• _Task to carry out_: Only the lines from the start of the data through the one containing "最危險的時刻過去了,牛頭堡的" belong in your answer; return them exactly.

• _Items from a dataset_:
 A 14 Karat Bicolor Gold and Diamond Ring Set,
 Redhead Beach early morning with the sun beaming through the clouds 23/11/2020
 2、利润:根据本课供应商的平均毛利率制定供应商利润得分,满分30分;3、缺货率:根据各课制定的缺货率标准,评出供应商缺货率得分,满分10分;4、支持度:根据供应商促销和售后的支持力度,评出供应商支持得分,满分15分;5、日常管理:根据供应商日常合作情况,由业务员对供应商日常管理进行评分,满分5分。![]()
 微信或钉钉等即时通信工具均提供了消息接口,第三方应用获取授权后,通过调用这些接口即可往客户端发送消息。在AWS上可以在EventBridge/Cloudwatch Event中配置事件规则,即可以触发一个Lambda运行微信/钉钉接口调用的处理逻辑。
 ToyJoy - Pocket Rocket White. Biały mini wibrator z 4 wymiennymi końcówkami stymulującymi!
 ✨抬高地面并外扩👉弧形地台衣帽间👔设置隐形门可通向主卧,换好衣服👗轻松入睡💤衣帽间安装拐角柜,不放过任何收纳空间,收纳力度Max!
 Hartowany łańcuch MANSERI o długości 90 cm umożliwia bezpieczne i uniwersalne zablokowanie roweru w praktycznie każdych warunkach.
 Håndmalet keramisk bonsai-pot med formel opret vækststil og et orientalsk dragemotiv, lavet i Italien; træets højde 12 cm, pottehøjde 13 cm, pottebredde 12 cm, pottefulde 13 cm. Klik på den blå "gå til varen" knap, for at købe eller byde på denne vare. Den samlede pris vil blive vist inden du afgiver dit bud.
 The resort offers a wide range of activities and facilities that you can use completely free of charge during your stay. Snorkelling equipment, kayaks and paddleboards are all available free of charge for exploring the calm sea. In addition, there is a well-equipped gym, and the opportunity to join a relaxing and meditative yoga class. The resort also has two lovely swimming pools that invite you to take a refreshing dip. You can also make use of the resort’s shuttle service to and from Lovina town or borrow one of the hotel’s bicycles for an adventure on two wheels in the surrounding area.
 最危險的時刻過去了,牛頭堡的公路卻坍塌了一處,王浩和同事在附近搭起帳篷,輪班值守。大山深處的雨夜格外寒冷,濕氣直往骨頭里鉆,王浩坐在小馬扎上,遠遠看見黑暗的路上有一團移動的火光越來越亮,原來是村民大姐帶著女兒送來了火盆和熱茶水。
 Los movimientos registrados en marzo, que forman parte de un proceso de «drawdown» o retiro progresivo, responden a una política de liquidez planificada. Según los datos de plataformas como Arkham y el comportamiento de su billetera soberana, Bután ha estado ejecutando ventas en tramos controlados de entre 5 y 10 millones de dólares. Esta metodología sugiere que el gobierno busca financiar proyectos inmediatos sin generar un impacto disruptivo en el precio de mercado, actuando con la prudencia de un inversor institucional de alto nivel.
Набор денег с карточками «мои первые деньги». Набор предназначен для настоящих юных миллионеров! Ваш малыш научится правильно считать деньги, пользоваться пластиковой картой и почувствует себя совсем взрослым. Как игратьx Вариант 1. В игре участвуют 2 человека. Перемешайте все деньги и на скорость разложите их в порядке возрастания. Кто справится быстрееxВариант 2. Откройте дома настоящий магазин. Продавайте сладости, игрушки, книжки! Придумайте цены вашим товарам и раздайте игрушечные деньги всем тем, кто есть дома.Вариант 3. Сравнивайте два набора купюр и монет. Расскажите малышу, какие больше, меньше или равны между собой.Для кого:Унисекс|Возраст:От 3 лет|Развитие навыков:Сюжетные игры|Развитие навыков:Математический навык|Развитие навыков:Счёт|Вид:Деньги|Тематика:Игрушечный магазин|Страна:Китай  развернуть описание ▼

• _Exercise output_:
 A 14 Karat Bicolor Gold and Diamond Ring Set,
 Redhead Beach early morning with the sun beaming through the clouds 23/11/2020
 2、利润:根据本课供应商的平均毛利率制定供应商利润得分,满分30分;3、缺货率:根据各课制定的缺货率标准,评出供应商缺货率得分,满分10分;4、支持度:根据供应商促销和售后的支持力度,评出供应商支持得分,满分15分;5、日常管理:根据供应商日常合作情况,由业务员对供应商日常管理进行评分,满分5分。![]()
 微信或钉钉等即时通信工具均提供了消息接口,第三方应用获取授权后,通过调用这些接口即可往客户端发送消息。在AWS上可以在EventBridge/Cloudwatch Event中配置事件规则,即可以触发一个Lambda运行微信/钉钉接口调用的处理逻辑。
 ToyJoy - Pocket Rocket White. Biały mini wibrator z 4 wymiennymi końcówkami stymulującymi!
 ✨抬高地面并外扩👉弧形地台衣帽间👔设置隐形门可通向主卧,换好衣服👗轻松入睡💤衣帽间安装拐角柜,不放过任何收纳空间,收纳力度Max!
 Hartowany łańcuch MANSERI o długości 90 cm umożliwia bezpieczne i uniwersalne zablokowanie roweru w praktycznie każdych warunkach.
 Håndmalet keramisk bonsai-pot med formel opret vækststil og et orientalsk dragemotiv, lavet i Italien; træets højde 12 cm, pottehøjde 13 cm, pottebredde 12 cm, pottefulde 13 cm. Klik på den blå "gå til varen" knap, for at købe eller byde på denne vare. Den samlede pris vil blive vist inden du afgiver dit bud.
 The resort offers a wide range of activities and facilities that you can use completely free of charge during your stay. Snorkelling equipment, kayaks and paddleboards are all available free of charge for exploring the calm sea. In addition, there is a well-equipped gym, and the opportunity to join a relaxing and meditative yoga class. The resort also has two lovely swimming pools that invite you to take a refreshing dip. You can also make use of the resort’s shuttle service to and from Lovina town or borrow one of the hotel’s bicycles for an adventure on two wheels in the surrounding area.
 最危險的時刻過去了,牛頭堡的公路卻坍塌了一處,王浩和同事在附近搭起帳篷,輪班值守。大山深處的雨夜格外寒冷,濕氣直往骨頭里鉆,王浩坐在小馬扎上,遠遠看見黑暗的路上有一團移動的火光越來越亮,原來是村民大姐帶著女兒送來了火盆和熱茶水。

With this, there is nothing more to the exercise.